You don't need to say that, we listen the feedback of the community.
The prove: we added the annotations in the v2.2 because a lot of users requested that.

You explained your problem and we will analyze that, the goal of a RC phase is to get these kind of feedback.

@ldez I apologize if my response came across as some sort of vague threat, that was not my intention. Your efforts towards the community is one of the reasons I've had such a pleasant experience with Traefik so far (I should have added that to my previous response).

However, @jbd saying v2.2.0-rc2 has the right behavior does not indicate to me that it is still under investigation.
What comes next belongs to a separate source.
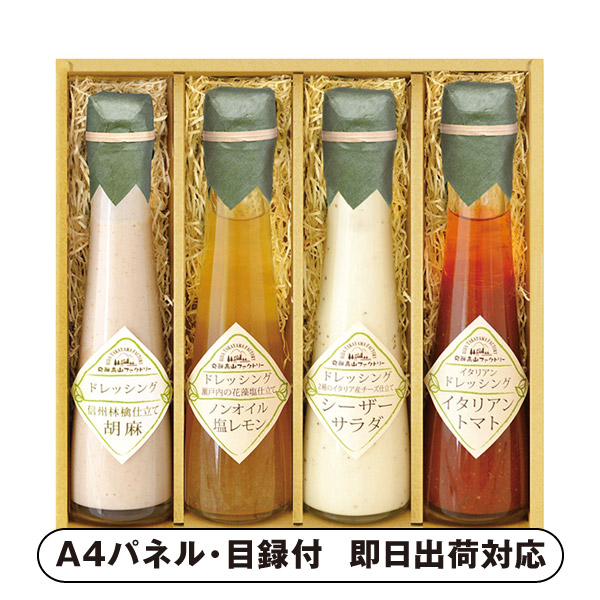 | 内容 | 信州林檎仕立て胡麻ドレッシング(120ml)・2種のイタリア産チーズ仕立てシーザーサラダドレッシング(120ml)・瀬戸内の花藻塩仕立てノンオイル塩レモンドレッシング(120ml)・イタリアントマトのイタリアンドレッシング(120ml)×各1 A4パネル×1 |

If it is, great, if it isn't, I'd like to understand why it's considered desirable behavior, and why a simple HTTP-to-HTTPS redirect has to go from a single annotation (ingress.kubernetes.io/redirect-to-ssl: true) on an ingress object to such strange "workarounds" as duplicating ingresses.

It's a bit more subtle:

Redirection, defined on an entry point, creates a simple router with the "HostRegexp({host:.+})" rule on the entry point web and redirection middleware.

This router will catch all request on entry point web but you can override this behavior.

As it is only a simple router, you can play with the priorities: if you want to expose an application on the entry point web, you just have to define a higher priority traefik.ingress.kubernetes.io/router.priority: "42" on this entry, and/or you can also restrict the point entry applied on the router.

So the redirect will be applied on all the ingress except for the ingress that you don't want a redirect.

If you prefer it's a kind the opposite of the non-standard ingress.kubernetes.io/redirect-to-ssl annotation.

From my point of view, it is safer to redirect by default, and to allow only when you want a non-TLS connection.

https://docs.traefik.io/v2.2/routing/entrypoints/#entrypoint

Thanks a bunch for elaborating.

This explains a lot, and I would agree that it's safer to redirect to HTTPS by default but unfortunately we don't always have that option with every application in the Kubernetes ecosystem, especially when those applications generate and create ingress objects for example.

I will look into leveraging priorities to achieve what we want. If I remember correctly Traefik will sensibly merge routers for overlapping host + path combinations, is that the case? If so, would creating a high-priority router with a widely matching host (like your example HostRegexp({host:.+})) and a specific path (e.g. PathPrefix('/foo') make sure we don't get redirects to HTTPS for ingress objects with more specific hosts and a matching path (e.g. Host('example.com') && Path('/foo/bar'), but without a priority annotation?

To explain why I said that the previous version exhibits a wrong behavior :
In the previous versions, for an ingress with TLS defined, Traefik creates two routers, one with TLS and one without TLS.
If no entrypoint is defined, both the routers will listen on all of them.
So we can request both in HTTP and HTTPS on all entrypoints ports that is pretty confusing and not secured.

@ncgee stay tune, we are thinking about a way to improve the behavior.

Ah, I understand now, that makes sense.

Thanks again!

You can try the rc3 with the following configuration:

    entryPoints:
      http:
        address: ":80"
      https:
        address: ":443"
        http:
          tls: {}

I've just implemented your suggested configuration with the expected result, requests to port 80 no longer result in a 404. Thanks for your efforts on this!

I'm not sure if this is an unintended side effect, but using the redirect middleware now via the router.middlewares annotation also has the expected result, even though the middleware is applied to the https entrypoint/router as well:

$ curl -v http://<redacted>
* Rebuilt URL to: http://<redacted>
*   Trying <redacted>...
* Connected to <redacted> (<redacted>) port 80 (#0)
> GET / HTTP/1.1
> Host: <redacted>
> User-Agent: curl/7.47.0
> Accept: */*
> 
< HTTP/1.1 301 Moved Permanently
< Location: https://<redacted>
< Date: Fri, 27 Mar 2020 10:27:46 GMT
< Content-Length: 17
< Content-Type: text/plain; charset=utf-8
< 
* Connection #0 to host <redacted> left intact
Moved Permanently

Curiously, I get a 308 with a HEAD request. There is no global redirect in the configuration.